There is a possibility of mutation in the SARS-CoV-2 genome that may influence the relative stability of the RdRp dimer. Previous work has found the nsp12 mutation P323L coevolving with the D614G mutation and is mainly found in severely affected patients. In addition, the nsp7 mutation S25L may be involved in destabilizing the binding of nsp7 to nsp8a22 and the nsp7 mutation L71F. This interaction has been associated with severe COVID-19 and could further destabilize the binding of the nsp7 C-terminal region to nsp8b.
However, the team notes that the catalytic sites and the RNA duplexes were not involved in RdRp dimer formation. This suggests the two RdRp enzymes may keep working in the dimer structure, continuing RNA-dependent processes — although the researchers could not test this because of purification issues.
Based on the findings, they suggest the function of the RdRp dimers ties in with subgenomic RNA synthesis, which is used as a template to make viral mRNAs.

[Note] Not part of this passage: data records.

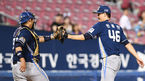 [OSEN=잠실,박준형 기자]5일 오후 서울 잠실구장에서 열린 '2018 신한은행 MY CAR KBO리그' LG 트윈스와 NC 다이노스의 경기,7회말 이닝종료 후 NC 원종현 투수와 윤수강 포수가 하이파이브를 하며 더그아웃으로 들어가고 있다. / soul1014@o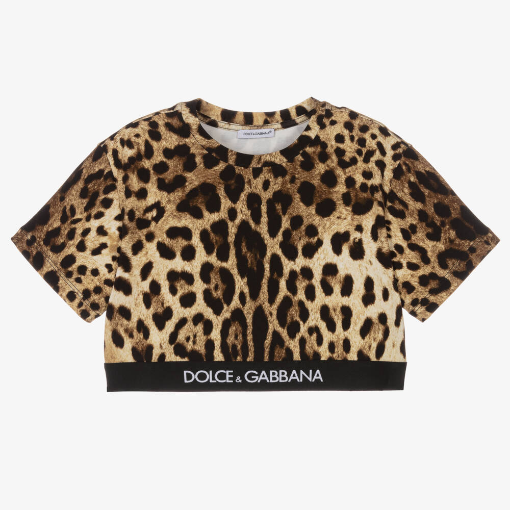 Inspired by the women's collection, this cropped top for girls by Dolce & Gabbana, in the designer's signature brown, black, and beige leopard print. It features a black elasticated trim with a white jacquard logo on the front, adding a sporty vibe and designer element to this casual piece. It is made in luxury soft cotton jersey for comfort.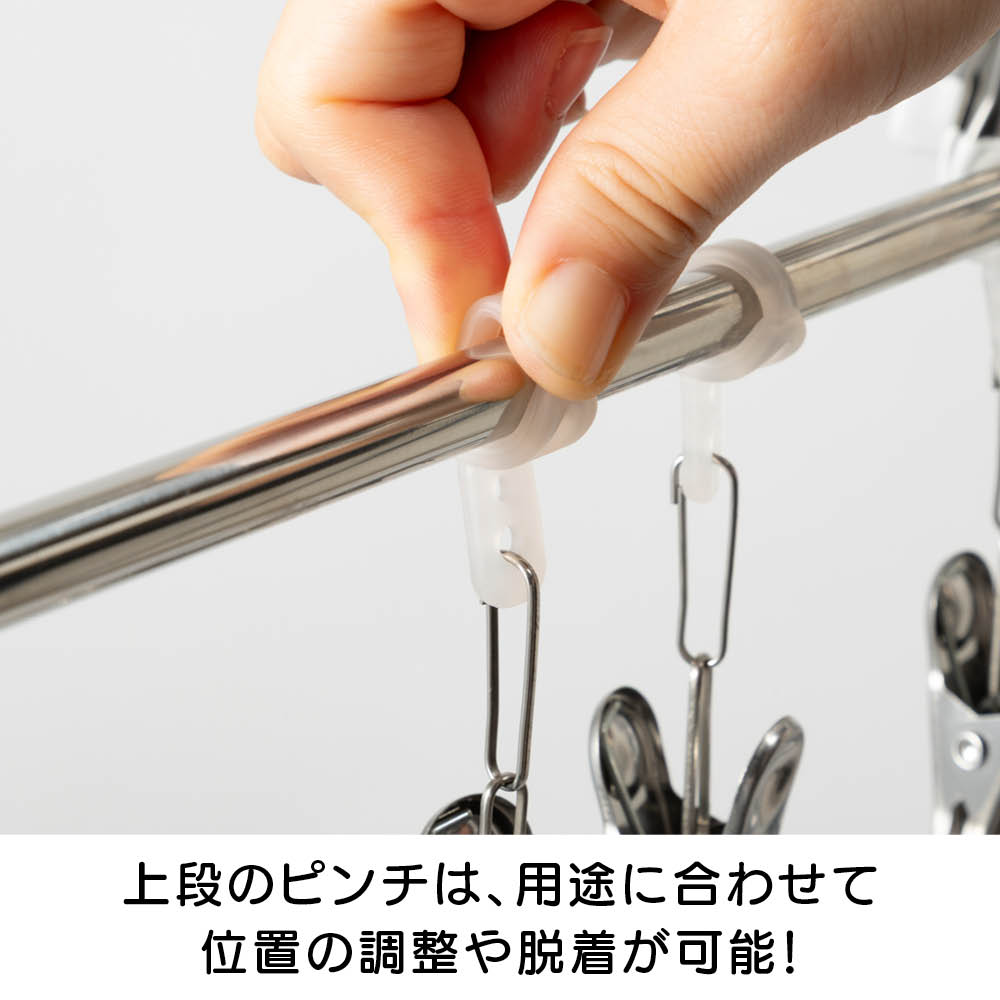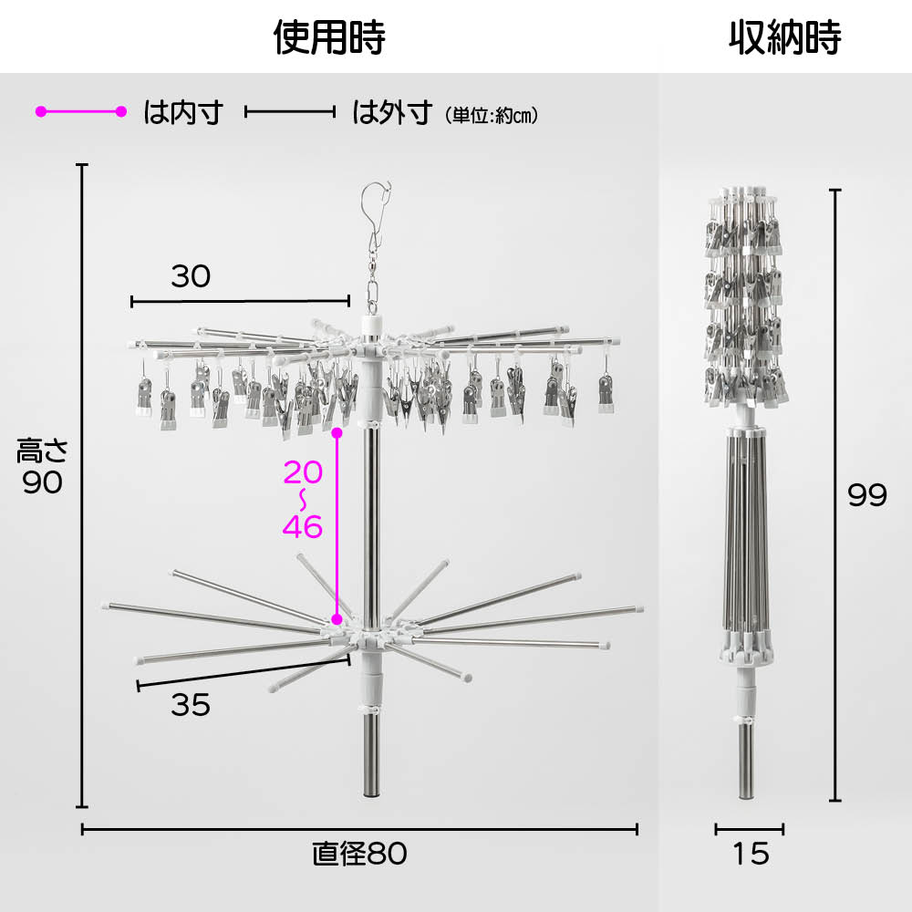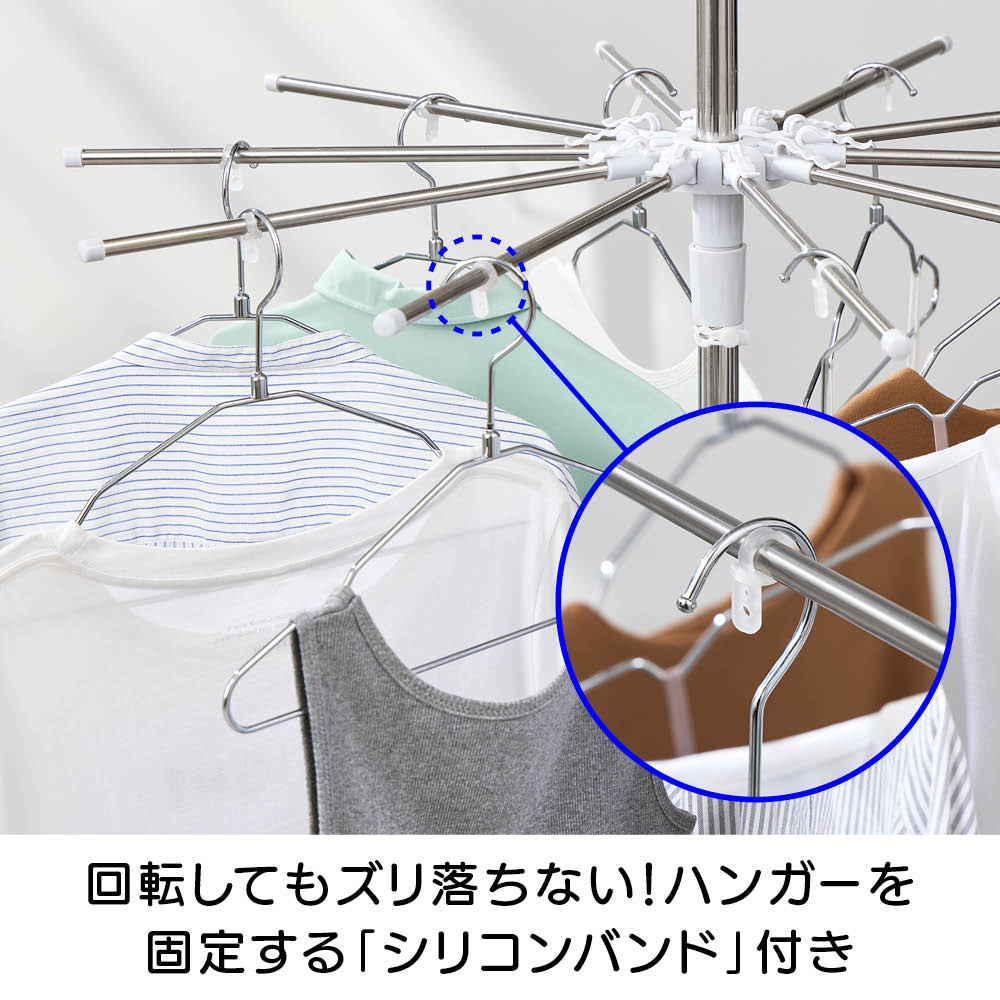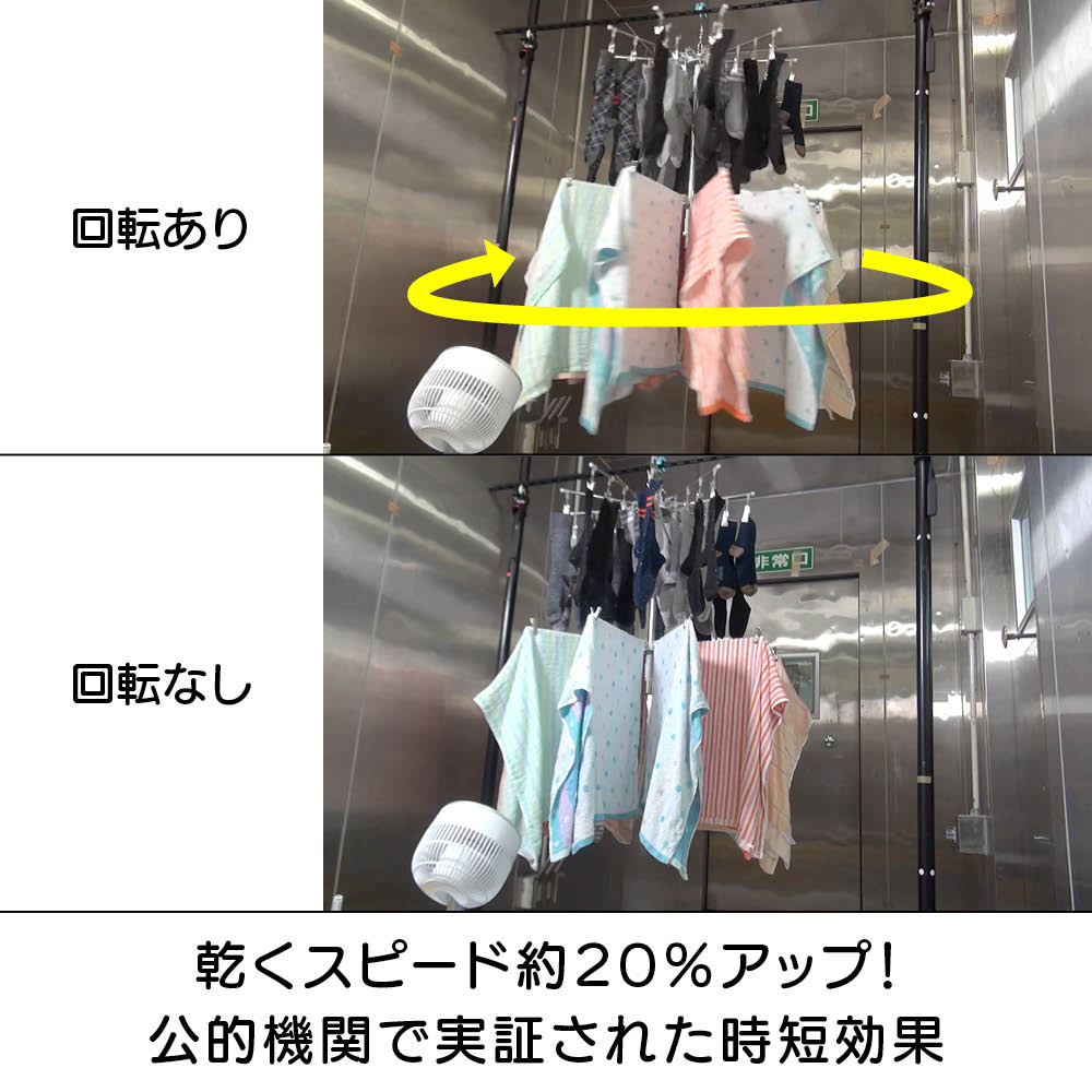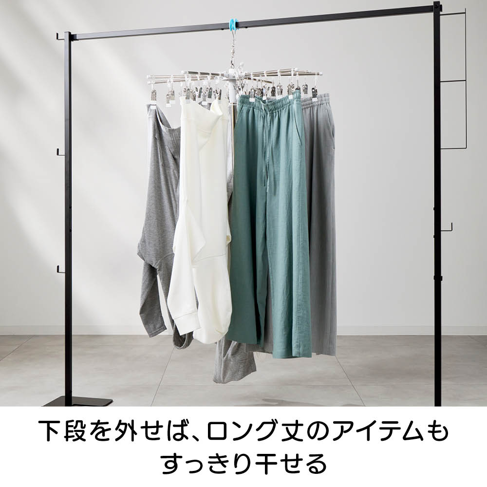 「室内干しだと洗濯物がなかなか乾かなくて邪魔…」「乾きが遅いからなんだか部屋干しのイヤなにおいがする…」などのお悩みを、くるくる回ってくるっと解決!エアコンやサーキュレーターの風で回転し、洗濯物全体に風が当たることで、乾きが早く、部屋干し臭も抑える新発想の「回る物干し」です。省スペース設計ながら、小物や衣類、タオルまできちんと干せる実力派。洗濯のプロ「洗濯ブラザーズ」と共同開発した特許出願中のディノス限定アイテムです。エアコンの風でも回る!早く乾いて部屋干し臭も軽減エアコンのゆるやかな送風でも本体がくるくる回転。洗濯物全体に風が行き渡り、スピーディーに乾かします。いやな部屋干し臭も抑えられ、毎日の洗濯が快適に。サーキュレーターなら、さらにパワフルに!風を活かしてスピード乾燥サーキュレーターの風で、よりパワフルに回転。空気が効率よく循環するので、乾きムラを防ぐことはもちろん、湿気もこもりにくく、室内環境まで快適に整います。上段は、小物が一度にたっぷり干せる40個のピンチ付き上段には、40個のピンチが付いており、ハンカチや靴下、下着などの小物を一度にたっぷり干すことができます。回転しながら効率よく乾くのでお洗濯の時短にもつながります。上段のピンチを外せば、上下段にタオルなどをたっぷり干せる!ピンチはすべて取り外し可能。上下段をポールだけの状態にすれば、タオルなどがたっぷり干せる大容量の物干しに。干したい衣類に合わせて、上段・下段の位置も簡単に調整可能ポールのジョイント部分を緩めたり、締めたりすることで、上下段ともお好きな位置に固定することができます。下段を外せば、ロング丈のアイテムもすっきり干せるワンピースやパンツ、厚手のパーカーなど、長さのある衣類も下段を外せばそのまま干すことができます。乾くスピード約20%アップ!公的機関で実証された時短効果風を受けてくるくる回ることで、従来の回転しない物干しと比べて乾燥スピードが大幅アップ。その実力は、公的機関での試験※でも証明済みです。※本商品と回転しないパラソルハンガーの比較試験。サーキュレーターの風を当て、2kgの洗濯物が乾くスピードを比較。※ユニチカガーメンテック(株)調べなぜ、微風でもくるくる回るの?ヒントは「釣り用ルアー」にありましたフック部分に、釣り用ルアーに使われるベアリングを採用。マグロなどの重い魚のつり上げにも耐える耐荷重の高いベアリングを採用することで、たくさんの洗濯物を干しても、わずかな風で回転するなめらかな動きを実現。たたんでしまえるコンパクト設計でスペースを取りませんポールを折りたためば、幅わずか約9cm程度に。使わないときは、洗面スペースの隙間などに立てかけて収納できます。洗濯をもっとハッピーに!「洗濯ブラザーズ×ディノス」の物干し革命アメリカのヴィンテージ物干しにヒントを得て開発した新発想の物干しです。最大の特長は、微風でもくるくる回って洗濯物に風が均一に当たるため、「早く乾く・ニオわない・自然乾燥で生地を傷めにくい」こと。その実力は、通常の物干しに比べ、厚手のタオルやデニムなどの乾く時間を約20%短縮という結果が証明しています※。さらに、たっぷり干せるデザインとコンパクトにたためる収納性にも徹底してこだわりました。毎日の“干す”が変われば、洗濯はもっと楽しくなる。そんな新しい洗濯体験を、ぜひあなたの毎日にどうぞ。※メーカー検証結果

“In the model, one RdRp of the dimer (RdRp 1) synthesizes sgRNA from the 3’ end of the gRNA template until it reaches a TRS in the template body (TRS-B). Due to the lack of one nsp8 subunit, the dimeric RdRp is predicted to have lower processivity than monomeric RdRp10,14, and this may facilitate TRS recognition.”
Additionally, it is the RNA, not the RdRp, that switches to a second RdRp position. Other movements include the prediction of only one RdRp in the dimer backtracking in the strand. Specifically, it may be RdRp 1 backpedaling to the 3’ end of the template while RdRp2 moves forward in the opposite direction towards the 5’ end of the template.
bioRxiv publishes preliminary scientific reports that are not peer-reviewed and, therefore, should not be regarded as conclusive, guide clinical practice/health-related behavior, or treated as established information.